Когда мы вернулись к единственному светлому пятну Ленинска — пятну, отбрасываемому фонарями Дома приезжих, в глаза нам бросилась афиша, писанная от руки, видимо, старательным и малограмотным человеком:
Семейство Ивановых.
С собачками.
И многие прочие дивертисменты.
Мы отправились на семейство Ивановых с собачками. Семейство сие, как мы увидели, состояло из разбитного добродушного парня лет шестнадцати, ловкого и остроумного, появляющегося на сцене то дрессировщиком собак и белых крыс, то — через пять минут — клоуном, и умеющего занять публику, — и старой матери его, переодетой мальчишкой, в кепке и брюках клеш…
Старческий голос ее звучал застенчиво и жалко и она все время ошибалась и, по привычке, говорила о себе в женском роде, когда подавала сыну реплики… тут же поправляясь и это выходило еще <хуже>.
Публика хлопала каждому номеру, но в то же время раздавались выкрики:
— Мало! Мало! Еще!.. За билет <дву>гривенный плачено.
Ленинск отстоит от железной дороги верст на сто. Сообщение со Сталинградом — только на лошадях…
Во всем городе — ни одной мощеной улицы и даже ни одного мощеного тротуара.

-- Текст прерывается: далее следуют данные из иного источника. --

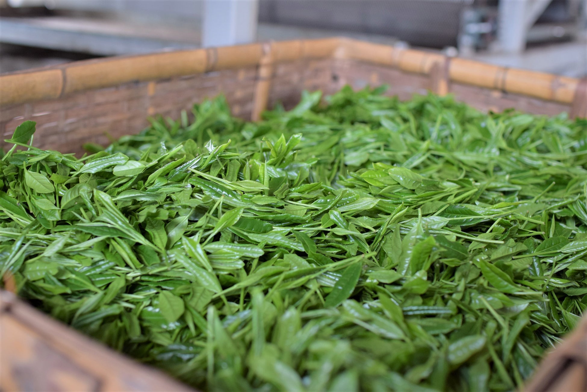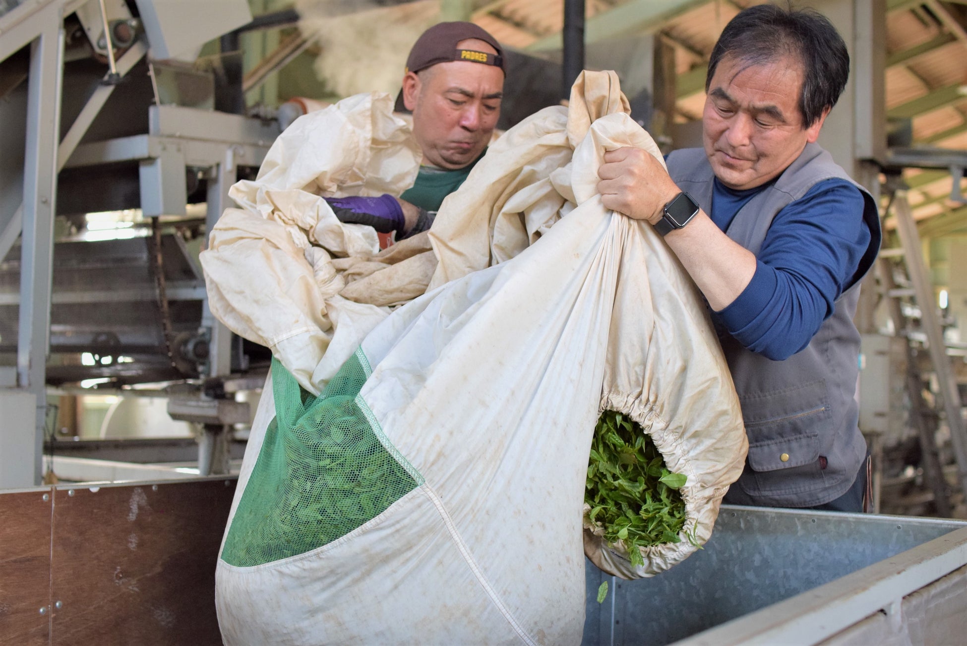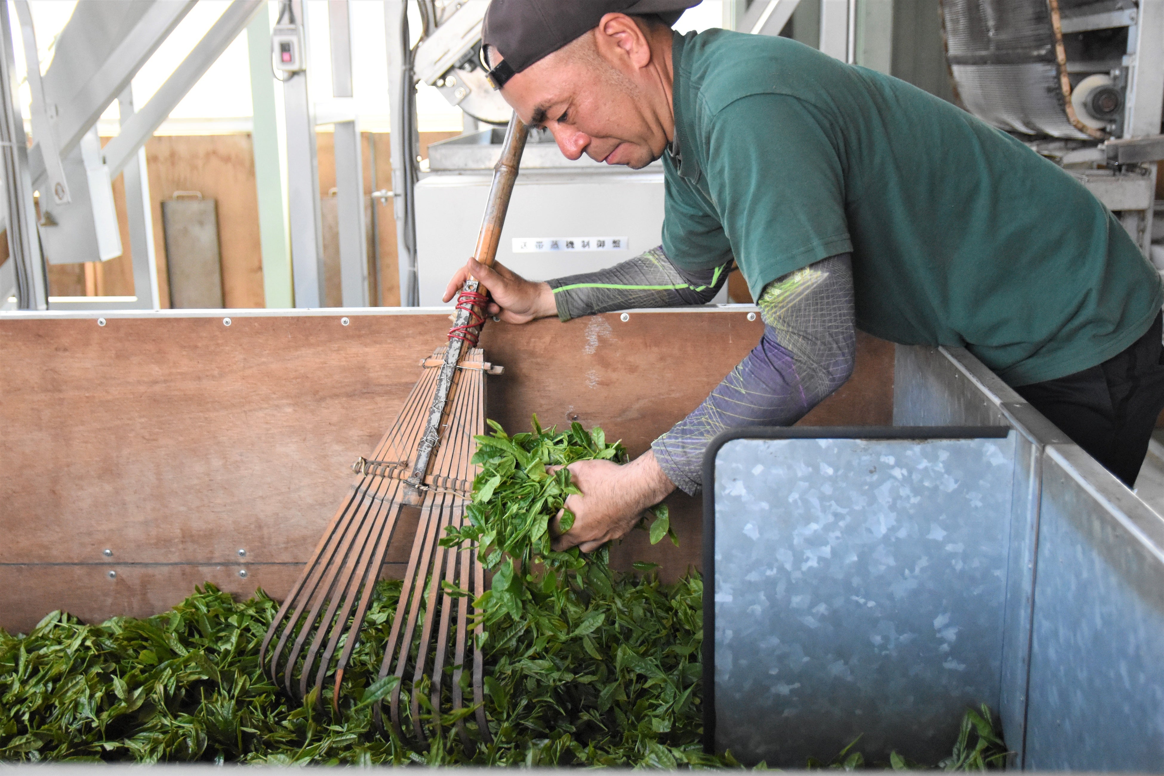 2026年4月29日(水曜日・昭和の日)実施する「狭山新茶まつり」。そのまつりでふるまう狭山新茶を4月26日(日曜日)に狭山市茶業協会と狭山市手揉み茶保存会の皆さんが、やまとう栗原園(狭山市水野342)で製造しました。当日は、10時から市内の各生産農家から持ち寄られた手摘みの生葉約350キログラムがやまとう栗原園に集められ、工場で荒茶に加工。その後、市内の茶商によって製茶加工され、40グラムずつ袋詰めしました。

В городе — три рояля. Один в клубе, — другой в школе второй ступени. Впрочем, когда нужно для концерта, берут третий, принадлежащий какому-то частному гражданину, так как первые два поломаны и расстроены, а настройщика в городе нет. Педагогический персонал в ленинских школах работает по принуждению: в порядке партийной дисциплины посылают из Сталинграда учителей и учительниц, членов партии или коммунистов, так как добровольно никто не едет…
— Хороший город — Ленинск!..
Письмо тринадцатое
ПЕРЕЯСЛАВЛЬ. БОТИК ПЕТРА ВЕЛИКОГО
На станции толпой окружают ямщики. До города пятнадцать верст, они наперебой предлагают свои услуги:
— Со мной, со мной поедем, барышня… У него конь плохой, — не довезет. Да и сам — ледащий.
После неизбежной толкотни и суматохи мы усаживаемся.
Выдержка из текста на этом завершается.